WORK TO BE COMPLETED ->
Below, locate the line that contains "意味不明あだ名 | 『ペロリンあるみ』『永久保存あるみ』 |". Repeat exactly from that line to the line that contains "[02:04.06] そっと優しく触れては冬の終わりを告げた", inclusive, leaving out the pictures.

DATA FOR THE TASK ->
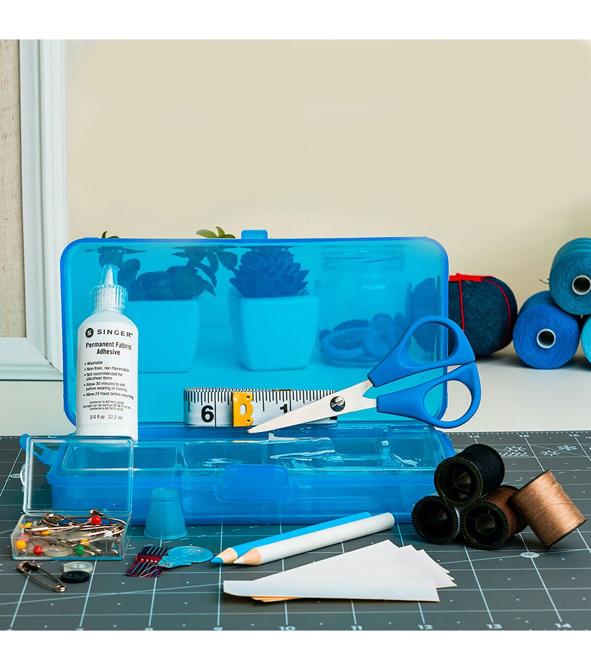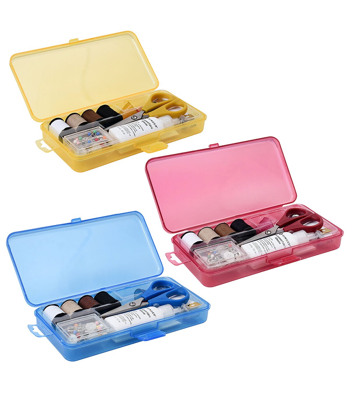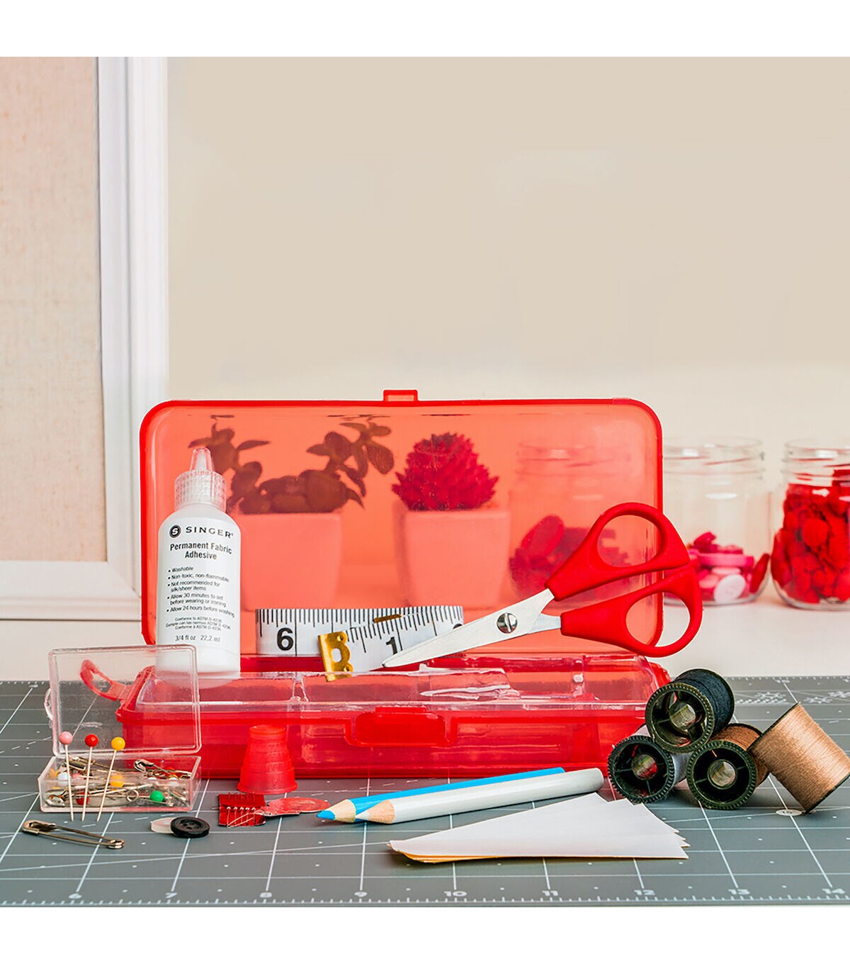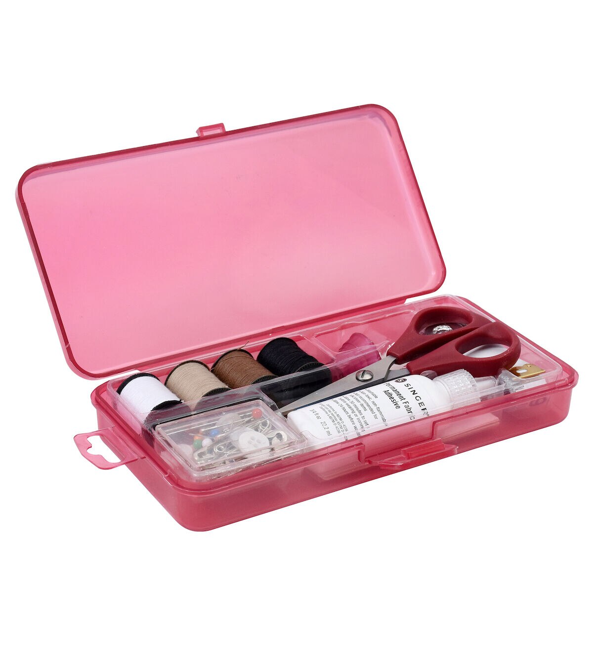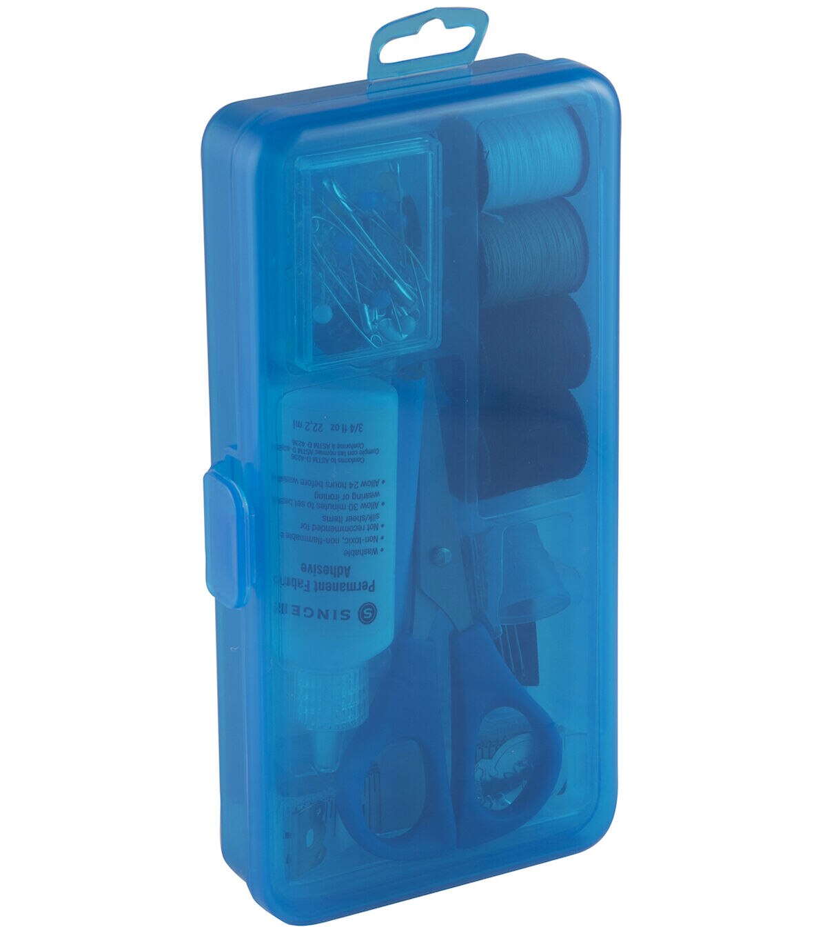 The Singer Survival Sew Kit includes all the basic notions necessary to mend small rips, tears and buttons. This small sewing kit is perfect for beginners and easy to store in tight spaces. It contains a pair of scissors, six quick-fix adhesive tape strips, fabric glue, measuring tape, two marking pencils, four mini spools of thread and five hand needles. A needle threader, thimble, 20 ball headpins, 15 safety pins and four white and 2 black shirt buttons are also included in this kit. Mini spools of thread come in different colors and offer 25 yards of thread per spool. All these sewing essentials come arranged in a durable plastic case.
...
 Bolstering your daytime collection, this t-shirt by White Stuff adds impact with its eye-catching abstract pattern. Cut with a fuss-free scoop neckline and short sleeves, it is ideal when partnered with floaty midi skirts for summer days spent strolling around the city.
==
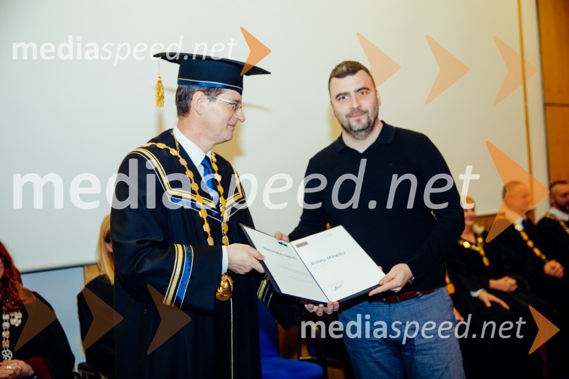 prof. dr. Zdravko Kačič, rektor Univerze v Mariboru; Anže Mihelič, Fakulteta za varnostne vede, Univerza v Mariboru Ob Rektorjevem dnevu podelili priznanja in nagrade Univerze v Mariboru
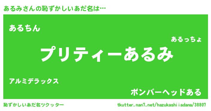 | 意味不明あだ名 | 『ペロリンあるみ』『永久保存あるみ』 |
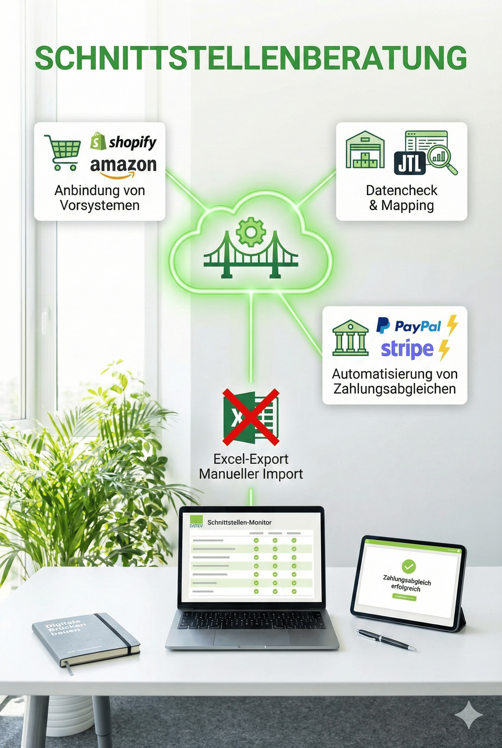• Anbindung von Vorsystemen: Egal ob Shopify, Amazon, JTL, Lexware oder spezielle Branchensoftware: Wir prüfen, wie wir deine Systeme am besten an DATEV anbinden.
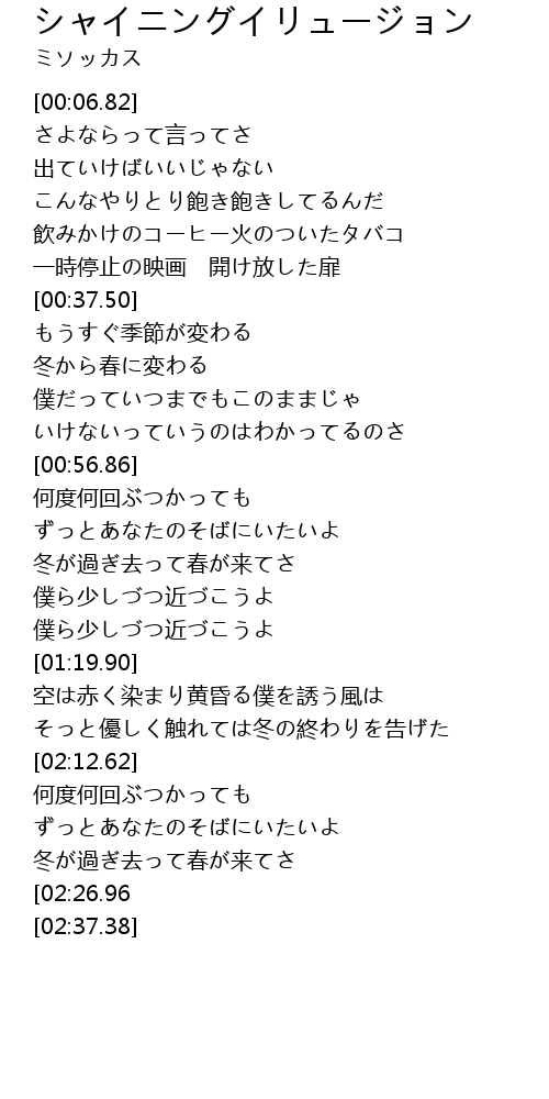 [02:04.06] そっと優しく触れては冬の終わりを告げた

WRITTEN RESPONSE ->
 | 意味不明あだ名 | 『ペロリンあるみ』『永久保存あるみ』 |
• Anbindung von Vorsystemen: Egal ob Shopify, Amazon, JTL, Lexware oder spezielle Branchensoftware: Wir prüfen, wie wir deine Systeme am besten an DATEV anbinden.
 [02:04.06] そっと優しく触れては冬の終わりを告げた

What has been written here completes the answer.